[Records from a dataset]
————————

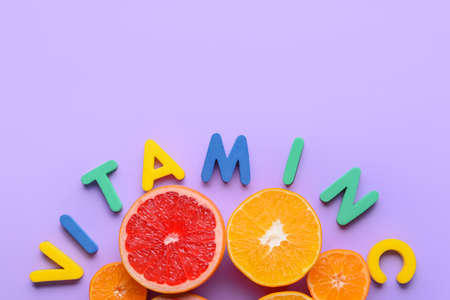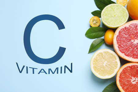 Vitamin C. Cosmetic products and fresh citrus fruits.
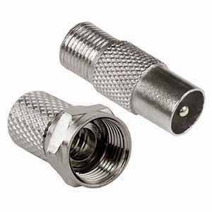 - Переходник "гнездо F - штекер TV" предназначен для подключения эфирного, спутникового и кабельного телевидения с помощью радиочастотного кабеля волновым сопротивлением 50 или 75 Ом.
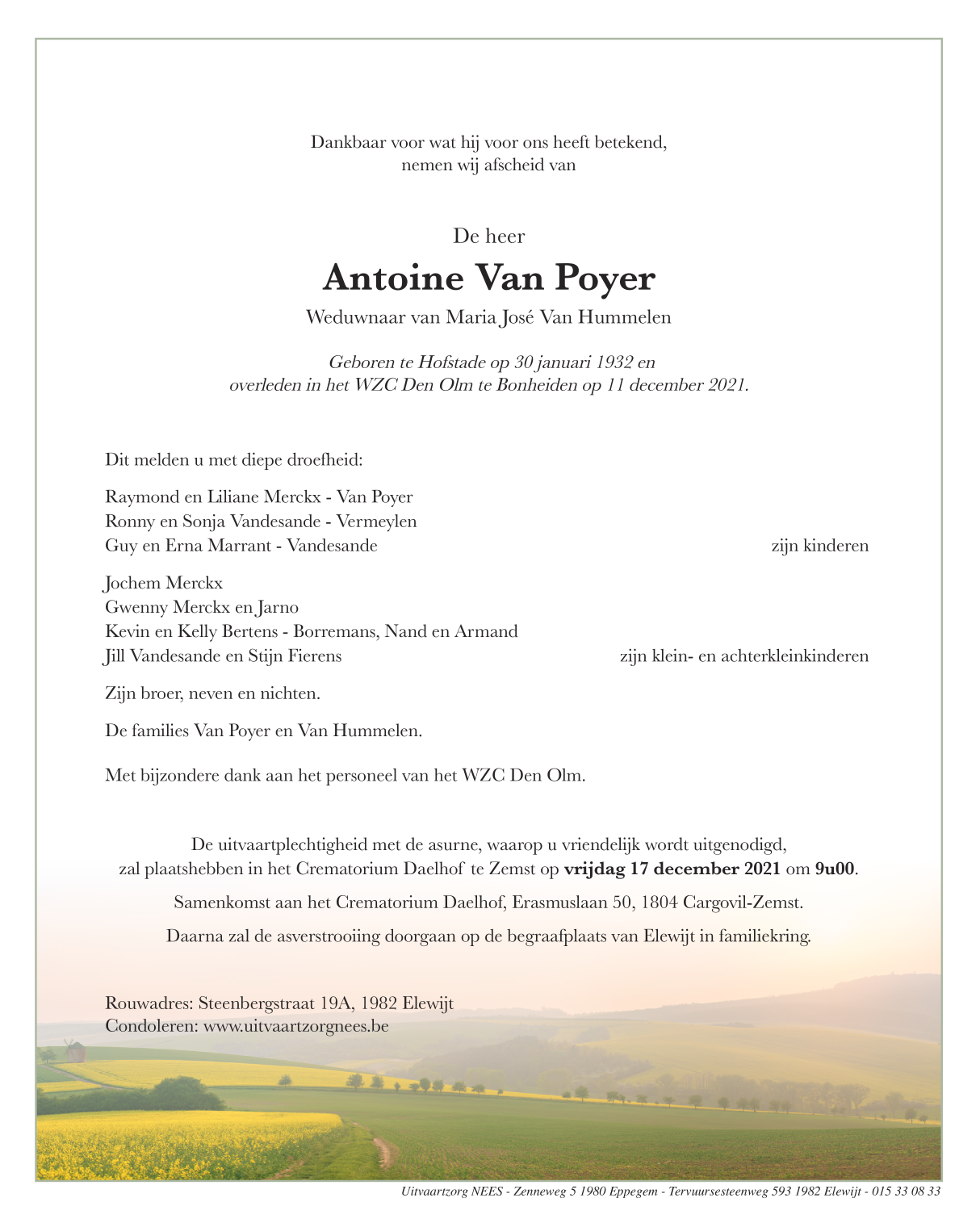 Décédé à Bonheiden (2820) le samedi 11 décembre 2021 à l'âge de 89 ans
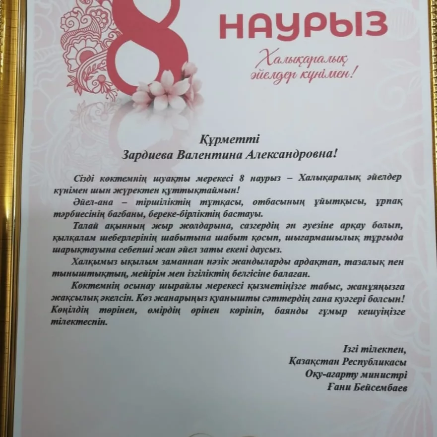 Олар 8 наурыз Халықаралық әйелдер күні қарсаңында Қазақстан Республикасы Білім министрі, оқу-өндірістік жұмыс жөніндегі орынбасары Зардиева Валентина Александровна, оқу ісі жөніндегі орынбасары Омарова Гүлден Ахметжановна құттықтау хатымен марапатталды....
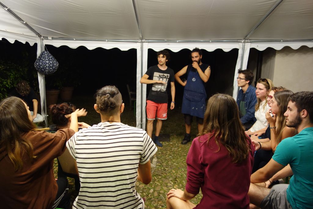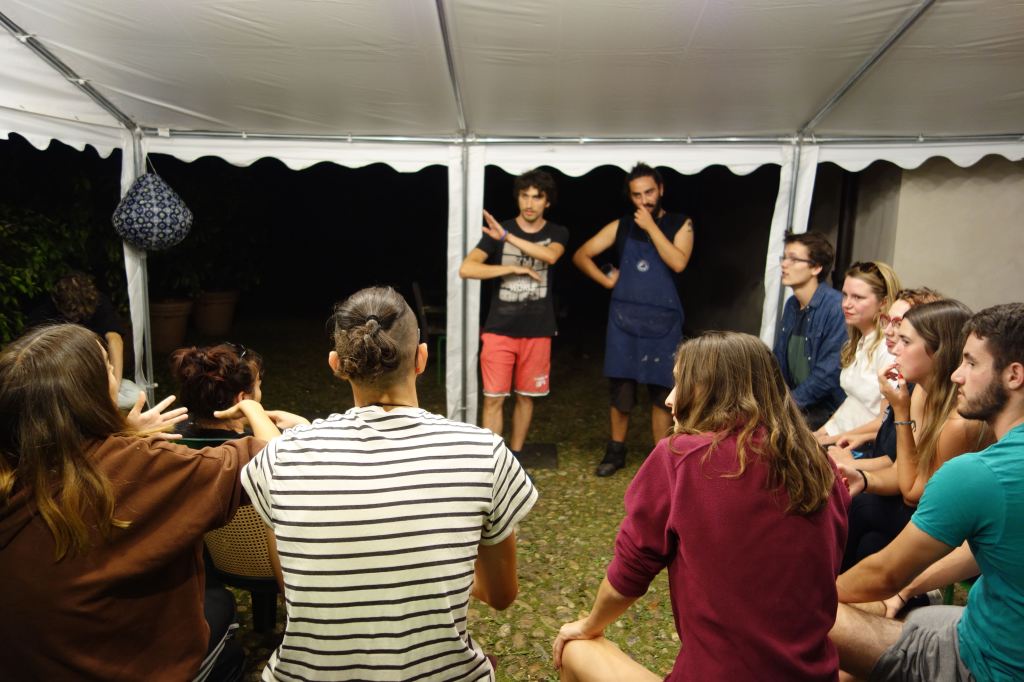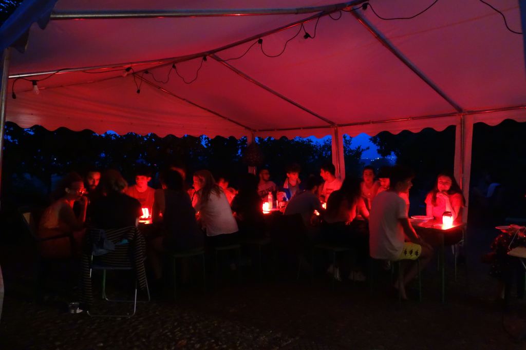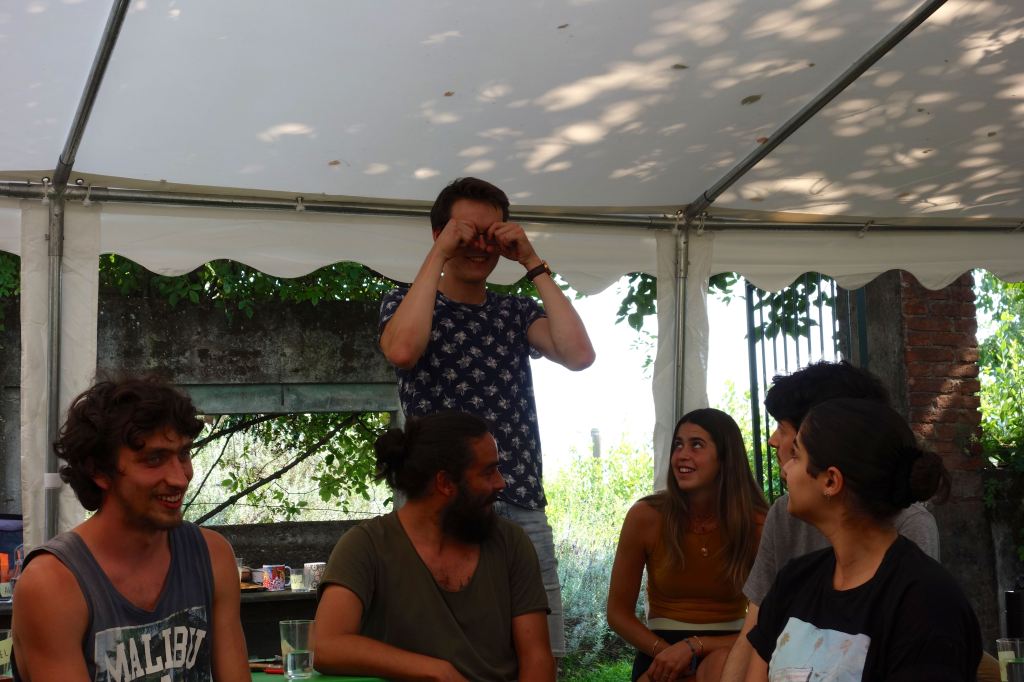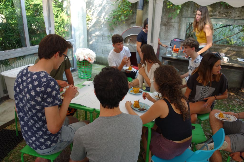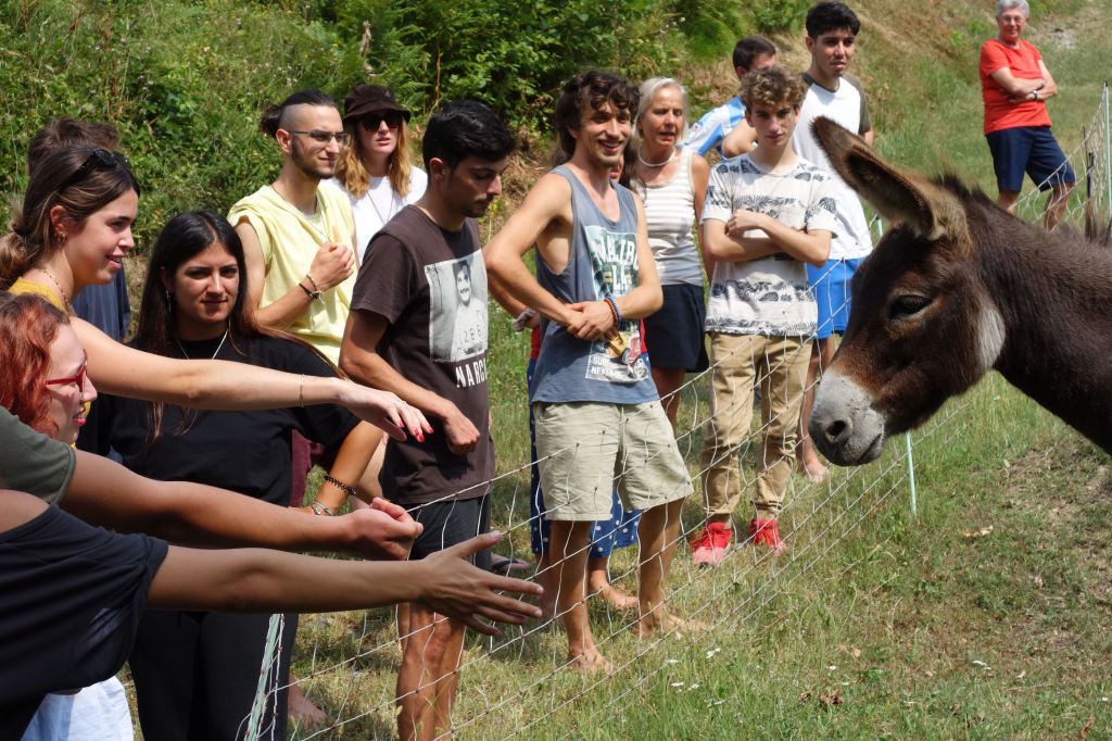 E’stata un’esperienza costruttiva, non solo per gli adolescenti. È stato bello sentire giovani voci di lingue diverse, risate scoppiettanti. I vari momenti di gioco, di lavori nel bosco, nella vigna e con gli animali. Ma soprattutto i grandi cerchi di riflessione e dialogo sul percorso del quotidiano, del confronto, sulle tematiche ambientali e di cooperazione.

————————

Aim of the task →
From the first line to the last, repeat the entries exactly and leave out the pictures.

Task result →
 Vitamin C. Cosmetic products and fresh citrus fruits.
 - Переходник "гнездо F - штекер TV" предназначен для подключения эфирного, спутникового и кабельного телевидения с помощью радиочастотного кабеля волновым сопротивлением 50 или 75 Ом.
 Décédé à Bonheiden (2820) le samedi 11 décembre 2021 à l'âge de 89 ans
 Олар 8 наурыз Халықаралық әйелдер күні қарсаңында Қазақстан Республикасы Білім министрі, оқу-өндірістік жұмыс жөніндегі орынбасары Зардиева Валентина Александровна, оқу ісі жөніндегі орынбасары Омарова Гүлден Ахметжановна құттықтау хатымен марапатталды....
 E’stata un’esperienza costruttiva, non solo per gli adolescenti. È stato bello sentire giovani voci di lingue diverse, risate scoppiettanti. I vari momenti di gioco, di lavori nel bosco, nella vigna e con gli animali. Ma soprattutto i grandi cerchi di riflessione e dialogo sul percorso del quotidiano, del confronto, sulle tematiche ambientali e di cooperazione.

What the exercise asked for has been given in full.